Our building had been built during the Eisenhower years, the time when America had the most money and the least taste. There was absolutely nothing distinguishing about it, except its particularly poor placement with its entrance on 190th Street. Here, it sat surrounded by undistinguished cypress bushes. These bushes were trimmed into a hedge like Hitler’s moustache by an illegal Mexican with an electric hedge clipper hired by the coop’s garden committee. They also planted the two dozen begonias that nodded sadly as residents entered the front entrance.

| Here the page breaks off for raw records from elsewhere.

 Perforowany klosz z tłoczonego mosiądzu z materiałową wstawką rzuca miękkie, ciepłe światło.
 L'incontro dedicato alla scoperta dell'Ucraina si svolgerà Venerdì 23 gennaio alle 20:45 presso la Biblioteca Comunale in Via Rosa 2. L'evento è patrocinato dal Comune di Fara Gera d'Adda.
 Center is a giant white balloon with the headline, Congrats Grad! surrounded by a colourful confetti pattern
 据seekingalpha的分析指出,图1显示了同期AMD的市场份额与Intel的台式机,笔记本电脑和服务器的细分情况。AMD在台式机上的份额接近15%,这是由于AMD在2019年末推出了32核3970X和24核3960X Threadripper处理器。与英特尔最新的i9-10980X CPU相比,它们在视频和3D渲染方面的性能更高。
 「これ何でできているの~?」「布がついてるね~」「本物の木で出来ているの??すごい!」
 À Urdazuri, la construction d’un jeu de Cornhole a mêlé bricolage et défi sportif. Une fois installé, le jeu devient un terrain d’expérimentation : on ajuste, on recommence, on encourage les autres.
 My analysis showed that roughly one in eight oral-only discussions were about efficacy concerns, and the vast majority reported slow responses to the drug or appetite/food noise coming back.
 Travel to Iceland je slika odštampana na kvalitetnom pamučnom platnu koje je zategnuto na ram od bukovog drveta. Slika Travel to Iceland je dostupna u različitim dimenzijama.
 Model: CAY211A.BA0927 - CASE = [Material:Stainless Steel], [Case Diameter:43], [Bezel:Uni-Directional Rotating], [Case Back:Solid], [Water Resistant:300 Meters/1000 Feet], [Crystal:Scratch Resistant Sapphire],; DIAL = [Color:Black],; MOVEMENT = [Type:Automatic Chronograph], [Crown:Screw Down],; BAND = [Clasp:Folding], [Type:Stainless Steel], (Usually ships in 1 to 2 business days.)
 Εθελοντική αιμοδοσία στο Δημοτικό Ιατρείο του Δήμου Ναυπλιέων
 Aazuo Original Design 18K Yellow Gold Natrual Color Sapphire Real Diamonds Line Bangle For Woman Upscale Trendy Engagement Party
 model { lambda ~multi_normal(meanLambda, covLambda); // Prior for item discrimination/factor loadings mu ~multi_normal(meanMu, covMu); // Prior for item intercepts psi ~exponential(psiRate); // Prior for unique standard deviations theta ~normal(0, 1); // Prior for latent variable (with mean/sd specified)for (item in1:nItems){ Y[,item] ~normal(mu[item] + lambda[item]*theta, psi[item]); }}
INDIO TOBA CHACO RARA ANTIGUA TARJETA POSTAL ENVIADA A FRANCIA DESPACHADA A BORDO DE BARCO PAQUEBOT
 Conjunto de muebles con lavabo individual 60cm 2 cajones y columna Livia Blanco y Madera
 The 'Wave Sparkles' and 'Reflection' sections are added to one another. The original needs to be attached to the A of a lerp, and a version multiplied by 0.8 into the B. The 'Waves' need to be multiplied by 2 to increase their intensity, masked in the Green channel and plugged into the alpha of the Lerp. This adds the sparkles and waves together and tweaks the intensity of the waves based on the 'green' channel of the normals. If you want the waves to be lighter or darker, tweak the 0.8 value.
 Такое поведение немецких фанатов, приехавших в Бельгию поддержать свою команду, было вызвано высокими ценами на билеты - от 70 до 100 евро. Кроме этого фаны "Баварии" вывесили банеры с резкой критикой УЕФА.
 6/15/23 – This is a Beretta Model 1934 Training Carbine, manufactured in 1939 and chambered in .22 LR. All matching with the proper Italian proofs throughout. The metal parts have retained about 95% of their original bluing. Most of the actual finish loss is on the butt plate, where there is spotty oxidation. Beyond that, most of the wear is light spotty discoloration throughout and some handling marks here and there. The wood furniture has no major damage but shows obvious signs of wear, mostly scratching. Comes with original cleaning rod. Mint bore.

But really, we had been happy to find the apartment after Columbia kicked us and our five-year-old twins out of our graduate student housing. In fact, we were part of a mini-exodus of such unfortunates. The coop’s old timers were leery of the displaced Columbia population and young families moving into the neighborhood. In the lobby sat the longtime residents, glaring at each other, and occasionally trading a particularly vicious snipe. But gradually, some of the women, old and alone and desperate to chat, began to speak with me in the laundry room, in the hallway, in the mailroom, and outside the compactor where we disposed of our garbage.
Being a Jewish woman, they seemed to feel that I was “one” of them, in spite of my Chinese husband and mixed race kids. When they stopped to chat with me they sprinkled their conversation with short phrases in German or Yiddish. I often didn’t quite get the meaning of these expressions, but always nodded to as if in agreement so as not to stop their tales told in heavily accented tones. My housekeeping chores were often punctuated by trembling voices telling tales of miraculous escapes, terrible loss and the continuing suffering of their lives.
Who would have known these women had such stories to tell? And the mix of tales, of experiences, of attitudes within this one building captured every facet of the human condition and psyche.